SplattingAvatar: Realistic Real-Time Human Avatars with Mesh-Embedded Gaussian Splatting
Zhijing Shao, Zhaolong Wang, Zhuang Li, Duotun Wang, Xiangru Lin, Yu Zhang, Mingming Fan, Zeyu Wang
TL;DR
SplattingAvatar tackles real-time photorealistic humanoid avatars from monocular video by coupling explicit mesh motion with implicit Gaussian Splatting rendered on a triangle mesh. It introduces a trainable embedding $E=(k,u,v,d)$ that defines Gaussian positions with mean $μ = P + d oldsymbol{n}$ on the mesh, and uses lifted optimization to jointly refine Gaussian parameters and embeddings as the mesh deforms. The method achieves real-time performance (over $300$ FPS on a RTX 3090 and ~ $30$ FPS on an iPhone 13) with state-of-the-art rendering quality on head and full-body datasets, particularly excelling in eyes, hair, and off-surface geometry. It emphasizes editability, compatibility with common animation pipelines, and portability, while acknowledging limitations related to clothes and hair disentanglement and proposing future work in richer mesh representations.
Abstract
We present SplattingAvatar, a hybrid 3D representation of photorealistic human avatars with Gaussian Splatting embedded on a triangle mesh, which renders over 300 FPS on a modern GPU and 30 FPS on a mobile device.

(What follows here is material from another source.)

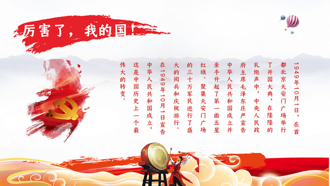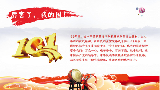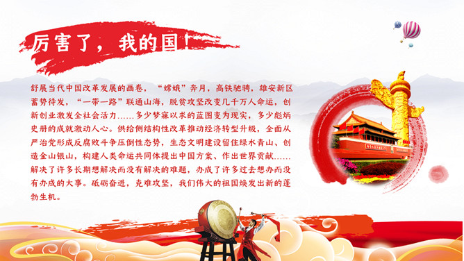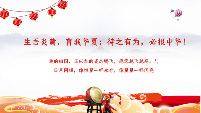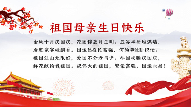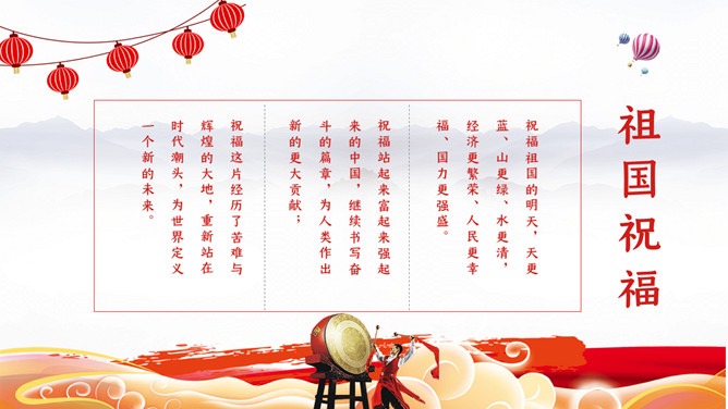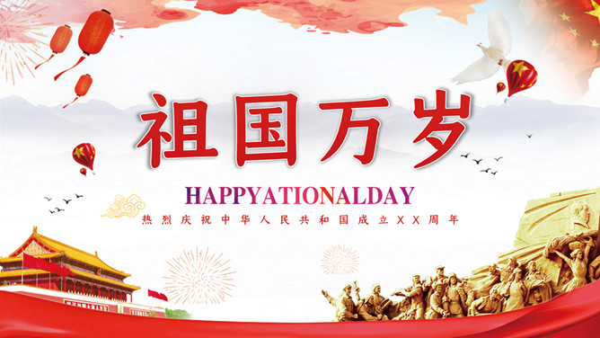 爱我中华喜迎国庆节PPT模板。祝福祖国的明天,天更蓝、山更绿、水更清,经济更繁荣、人民更幸福、国力更强盛。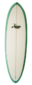 今日のサーフボード市場では、KEYOサーフボードの持つ「レトロ」の側面は重要である。KEYOサーフボードは僅かの厚さで、通常のボード以上のドライブを多く得る。“フィッシュ”はポイントブレーク、河口の波に最適だ。“エッグ”はビーチブレークに強い。どちらとも波を非常に捕らえやすいボードである。

We disentangle the motion and appearance of a virtual human with explicit mesh geometry and implicit appearance modeling with Gaussian Splatting. The Gaussians are defined by barycentric coordinates and displacement on a triangle mesh as Phong surfaces. We extend lifted optimization to simultaneously optimize the parameters of the Gaussians while walking on the triangle mesh. SplattingAvatar is a hybrid representation of virtual humans where the mesh represents low-frequency motion and surface deformation, while the Gaussians take over the high-frequency geometry and detailed appearance. Unlike existing deformation methods that rely on an MLP-based linear blend skinning (LBS) field for motion, we control the rotation and translation of the Gaussians directly by mesh, which empowers its compatibility with various animation techniques, e.g., skeletal animation, blend shapes, and mesh editing. Trainable from monocular videos for both full-body and head avatars, SplattingAvatar shows state-of-the-art rendering quality across multiple datasets.